Managing Emotions | Chronic Pain Support Group

managing emotions facial expressionsRecognizing and managing our emotions can be challenging for anyone. It can be especially difficult for those of us who are working on managing emotions and our pain at the same time. Regardless of how difficult our feelings can be to manage, they do play a significant role in our health and in our pain level. Some of the most common emotions for individuals dealing with chronic pain are negative. These include sadness, depression, fear, and anger or frustration. Unfortunately, these emotions are negative. Positive ones include joy, gratitude, hope, and love. Most people don’t have any problems expressing or recognizing these.

According to Dr.

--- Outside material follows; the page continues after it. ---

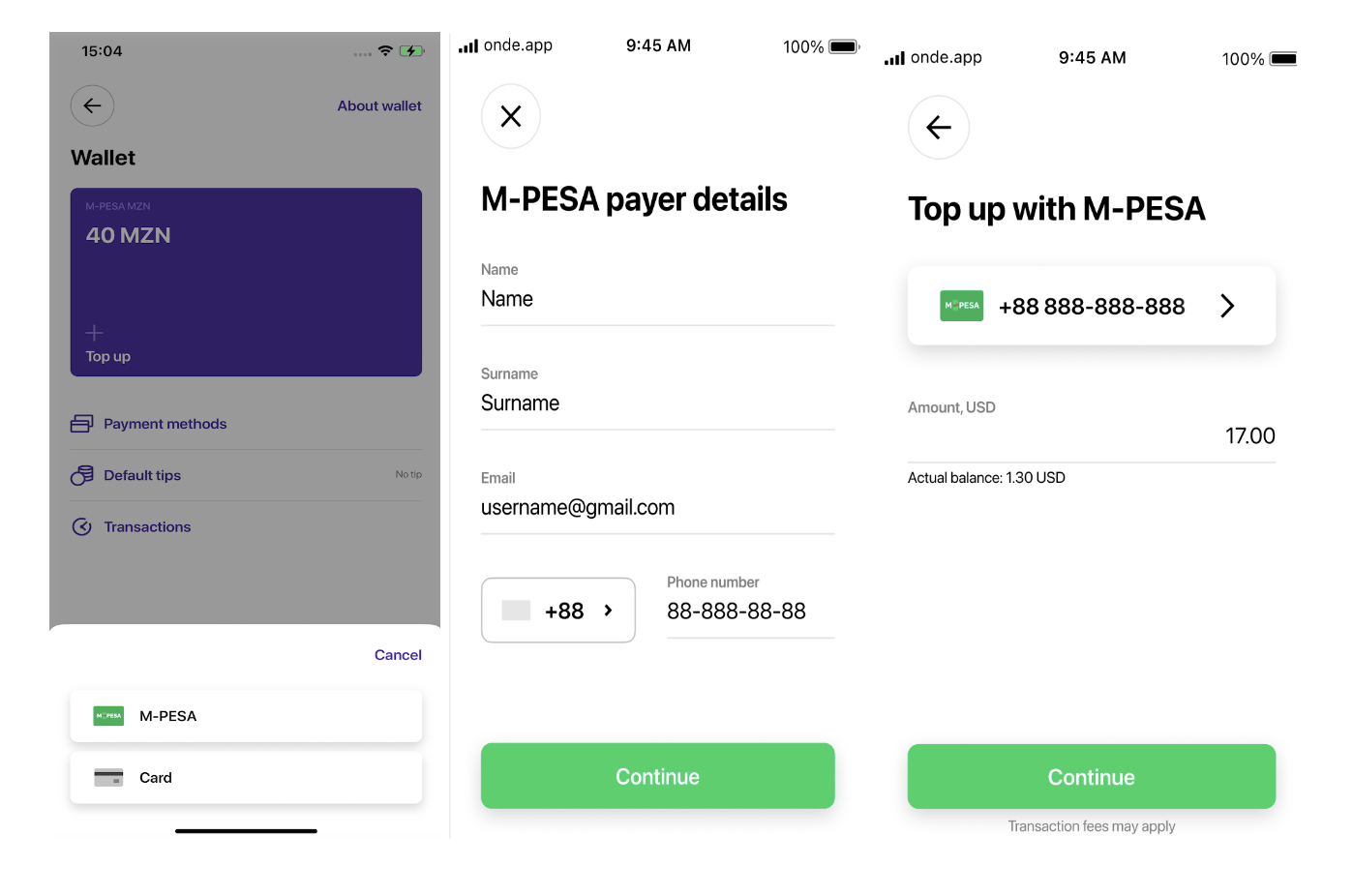M-PESA allows for a fast and efficient Customer Wallet top-up. It is a great alternative to regular card top-up as one does not have to add any cards to in-app Wallet but rather use the balance of their M-PESA account.

Beth Darnall, she said that, ‘the areas of the brain that are associated with sensory perception, are shared with the areas of the brain that are involved in processing your emotions.” We can no longer say that our emotions do not affect our pain or our health since both are processed in a shared area in the brain.  Negative emotions can increase your pain levels. On the other hand, your pain level can also fuel negative emotions. Positive emotions could potentially decrease your pain levels.

The Body Interprets

Just as the body interprets the stove as hot and we remove our hand, we laugh when we think something is funny. In other words, we feel our emotions just like we feel a pin prick. The important part about understanding this relationship between pain and our feelings is learning to recognize how we feel and learning how to express these feelings. Key factors in managing emotions.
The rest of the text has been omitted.